Skip to content

SA-DVAE: Improving Zero-Shot Skeleton-Based Action Recognition by Disentangled Variational Autoencoders

Conference: ECCV 2024
arXiv: 2407.13460
Code: https://github.com/pha123661/SA-DVAE
Area: Video Understanding
Keywords: Skeleton-Based Action Recognition, Zero-Shot Learning, Feature Disentanglement, Variational Autoencoder, Cross-Modal Alignment

TL;DR

SA-DVAE introduces feature disentanglement to zero-shot skeleton-based action recognition for the first time. Using a dual-head VAE, it splits skeleton features into a semantic-related branch and a semantic-unrelated branch, aligning only the semantic-related part with text. Coupled with an adversarial total correlation penalty to enhance disentanglement, it achieves SOTA performance on NTU RGB+D 60/120 and PKU-MMD benchmarks.

Background & Motivation

Skeleton-based action recognition has attracted significant attention due to its robustness against appearance and background variations. However, annotating such data is expensive and time-consuming. Zero-Shot Learning (ZSL) provides an alternative by utilizing semantic information (class names, descriptions, etc.) to bridge seen and unseen classes.
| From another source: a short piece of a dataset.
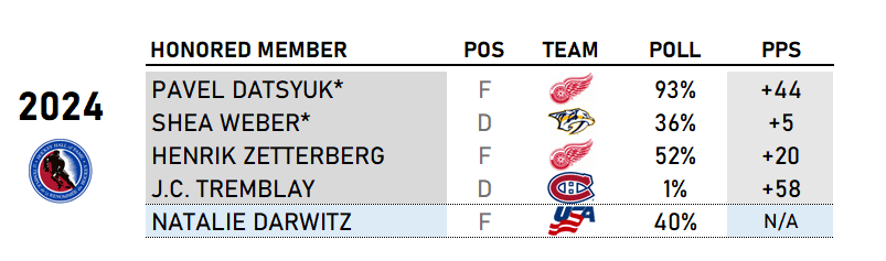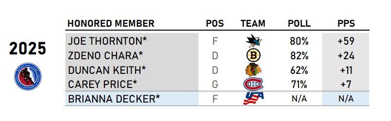 The Prediction: Choosing wisely in 2024 is important because there might be no room for holdovers next June. 2025 is shaping up to be an all-timer — each of Thornton, Chara, Keith and Price exceed the PPS standard at their position and polled above 60%. It could be the first instance all four male players were elected first-ballot since 2009 and just the third time ever. And should American scoring sensation Brianna Decker be inducted, it would be the first time five players were chosen on their first try.

Limitations of Prior Work: All existing methods (ReViSE, CADA-VAE, SynSE, JPoSE, SMIE) directly align skeleton features with text features in a shared space. However, they overlook a fundamental asymmetry problem:

  • Skeleton sequences within the same category vary significantly: Different actors possess distinct body shapes and action magnitudes, and varied camera angles introduce prominent differences. For example, the action "wear a shoe" exhibits extremely high variance in skeleton sequences across different subjects.
  • Text labels, conversely, are static: Each category is represented by only a single label (e.g., "wear a shoe").
  • This many-to-one asymmetry renders directly forcing all skeleton features to align with a single textual representation highly difficult.
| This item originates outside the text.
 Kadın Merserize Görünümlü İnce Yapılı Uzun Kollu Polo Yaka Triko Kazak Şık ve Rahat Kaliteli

Key Challenge: Skeleton features contain both semantic-related information (what action is performed) and semantic-unrelated style information (who performs it, and from which angle). Directly aligning them inevitably pollutes the shared space with semantic-unrelated noise.

Key Insight: Inspired by the SDGZSL method in image-based ZSL—where visual embeddings are decomposed into semantic-consistent and semantic-unrelated parts—this work proposes to apply a similar disentanglement to skeleton features.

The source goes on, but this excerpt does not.